Anna Kinsey, engagement manager for Europe PMC, says the competition has a different focus to other science-writing prizes. “We were asking people to write about something that had already been published as a research article…our emphasis wasn’t on [writing] something that you’d read in a newspaper,” she says.

Entrants, who were all PhD students or early-career researchers, were asked to write an easily comprehensible 800-word explanation of one of nine pre-selected papers.

The winner, Emma Pewsey, PhD student in materials science at the University of Cambridge, beat nearly 400 other hopefuls with her summary on detecting focal osteoporosis.

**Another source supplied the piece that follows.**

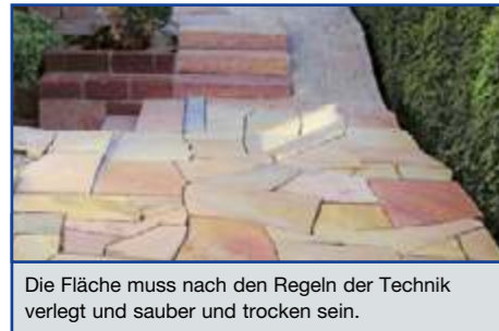
Die Fläche muss nach den Regeln der Technik verlegt und sauber und trocken sein.
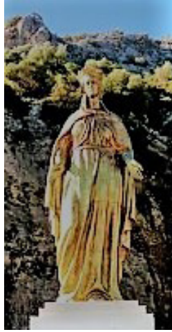
Resim 11. Meryem Ana-Efes Meryem Ana Evi

Anadolu'da Efes'te öldüğü düşünülen Meryem Ana'nın (Resim.11) duruşuna benzeyen elleri açık ve kutsar biçimde gösterilen Ana Tanrıça'nın birden fazla memeleri öncelikle dikkati çeker. Burada Ana Tanrıça'nın en önemli unsurlarından biri olan besleyicilik ön plana geçmiştir. Bin memeli Kybele söz konusu olduğunda, birçok araştırmacı için, memeler beslenme kaynağının, ana sütünün geldiği ve bulunduğu nesne olarak ele alınmıştır. Bir başka görüş, Efes Kenti'nin koruyucusu ve Ana Tanrıça'nın diğer bir ismi olan Artemis'in sembolü bin memeli Artemis heykelinde görülen "meme" formundaki sarkıtların "Bal Arısı oğulları" olduğudur. Türk yazın-bilimci Halikarnas Balıkcısı Cevat Şakir'e göre de çoklu memeler birer arı oğlu olarak değerlendirilmiştir. Cevat Şakir'in, "Anadolu Tanrıları" ve "Hey Koca Yurt"

Sharmila Nebhrajani, chief executive of the Association of Medical Research Charities, led the competition’s judges. She explains that writing summaries for lay readers is a particular skill. “These articles were not aimed as newspaper articles. I think this is a different writing muscle.”

She says that writing in this way is becoming more important. “We are increasingly having, amongst patients and the public, lay readers of articles who are very interested and motivated to find out about research and what it means for them.”

Kinsey says the competition recognises that, although Europe PMC makes research available, this is not necessarily the same as making research understandable. “Although it’s freely there for somebody to read, it doesn’t mean that it’s easily understood, so we were trying to take that a step further,” she explains.

Kinsey says she hopes that such summaries will become more common. She notes that some journals, including eLife, which will be publishing Pewsey’s winning article, and PLOS Medicine, include them as a matter of course.